Untuk Bisa Go Global, MIND ID Harus Perhatikan Aspek ESG

Ilustrasi
Perusahaan-perusahaan tambang di Indonesia, khususnya BUMN tambang MIND ID yang memiliki agenda untuk go global atau ekspansi ke negara-negara lain diingatkan untuk meningkatkan aspek Environmental, Social, and Governance.
Direktur Riset Indef, Berly Martawardaya mengatakan presidensi G20 Indonesia tahun ini menjadi momentum bagi Indonesia dan perusahaan-perusahaan di Indonesia, khususnya perusahaan tambang untuk meningkatnya daya saingnya. Di luar standar umum yaitu penerimaan dan laba, Berly mengatakan dengan tren tuntutan yang makin menguat, aspek ESG juga menjadi hal yang tak boleh diabaikan oleh perusahaan-perusahaan tambang. Apalagi aktivitas pertambangan bersinggungan dengan aspek lingkungan.
Menurut Berly, diantara anak usaha BUMN tambang MIND ID, hanya Aneka Tambang dan Bukit Asam yang memiiki skor ESG yang cukup baik diantara perusahaan-perusahaan tambang negara G20 yaitu berada di papan tengah. Sementara, PT Timah Tbk perlu ada reformasi yang serius untuk memperbaiki aspek ESG ini.
“Kami melihat bahwa ESG menjadi kunci buat ekspansi, langkah go global dari MIND ID secara keseluruhan,” ujarnya diskusi publik Indef ‘Penguatan ESG dan Daya Saing BUMN Tambang Indonesia di Negara G20,’ Senin (18/4).
Ia mengatakan selain padat modal dan high skill, karakteristik perusahaan tambang saat ini adalah adanya sinergi lintas negara. Cash flow yang didapat dari suatu wilayah operasi (site) dipakai untuk ekspansi tidak hanya di dalam negara asalnya tetapi juga di negara lain.
“ESG penting sekali bukan hanya bagi investor, tetapi juga konsumen. Karena konsumen sekarang khusunsya di elektronik sudah melacak dari mana asal mineralnya,”ujarnya.
Kajian INDEF, anak usaha MIND ID mengalokasikan dana untuk aspek lingkungan secara bervariasi. Aneka Tambang mengalokasikan 0,42% dari pendapatan atau sekitar Rp117 miliar, Bukit Asam sebesar 0,58% atau sekitar Rp101 miliar,Inalum 0,04% atau senilai Rp31,8 miliar dan PT Timah sebesar 0,28% atau senilai Rp43,1 miliar.

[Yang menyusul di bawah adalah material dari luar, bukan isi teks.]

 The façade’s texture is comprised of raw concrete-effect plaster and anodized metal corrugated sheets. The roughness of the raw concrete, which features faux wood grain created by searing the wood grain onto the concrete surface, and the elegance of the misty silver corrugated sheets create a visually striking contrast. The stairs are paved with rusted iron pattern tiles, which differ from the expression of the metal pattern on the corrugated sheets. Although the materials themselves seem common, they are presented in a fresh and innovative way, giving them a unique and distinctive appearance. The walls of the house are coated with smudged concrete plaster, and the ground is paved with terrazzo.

Untuk indikator tanggung jawab sosial perusahaan, Antam mengalokasikan 0,3% dari pendapatan atau Rp82,11 miliar, Bukit Asam 0,54% atau Rp93,75 miliar, Inalum 0,005% atau Rp3,79 miliar dan PT Timah 0,2% atau Rp31,76 miliar.
Rasio pekerja perempuan di Bukit Asam sebesar 9,79%, Bukit Asam 14,33%, Inalum 41,79% dan Timah 6,79%. Dari sisi waktu, Aneka Tambang yang paling awal yaitu tahun 2006 menyusun Laporan Berkelanjutan, menyusul Bukit Asam, PT Timah dan yang paling terakhir Inalum baru menyusun pada tahun 2019.

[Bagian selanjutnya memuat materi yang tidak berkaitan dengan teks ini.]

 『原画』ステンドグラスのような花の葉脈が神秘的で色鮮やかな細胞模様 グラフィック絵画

INDEF secara khususnya menyoroti penerapan ESG di PT Timah karena memiliki skor yang relatif lebih rendah terkait dengan masalah lingkungan, tata kelola dan pertambangan ilegal. PT Timah memang melakukan reboisasi tetapi terbongkar lagi. Luasan reboisasi juga masih lebih sedikit dibandingkan luasan IUP.
Dari segi PROPER (Program Penilaian Peringkat Kinerja Perusahaan Dalam Pengelolaan Lingkungan). Berly mengatakan walaupun meningkat PROPER PT Timah, tetapi belum setinggi Antam atau Bukit Asam yang lebih tinggi proposi PROPER emas dan hijauhnya. Dari sisi sosial, operasional PT Timah yang juga di laut berdampak terhadap tangkapan nelayan atau masyarakat pesisir.
Khusus untuk PT Timah, Berly merekomendasikan tiga hal. Pertama, membentuk divisi atau sub divisi khusus untuk penguatan ESG. Kedua, memperkuat koordinasi dengan stakeholder di daerah khususnya pada daerah rentan pertambangan ilegal. Ketiga, benchamarking dan kolaborasi antara BUMN tambang dalam ini holding MIND ID.
“MIND ID kedepan perlu melakukan evaluasi rutin, tahunan dan kuartalan sehingga perbedaan yang cukup jauh antara perusahaan-perusahaan di dalam MIND ID bisa berkurang, bisa sama-sama baik skornya,” ujarnya.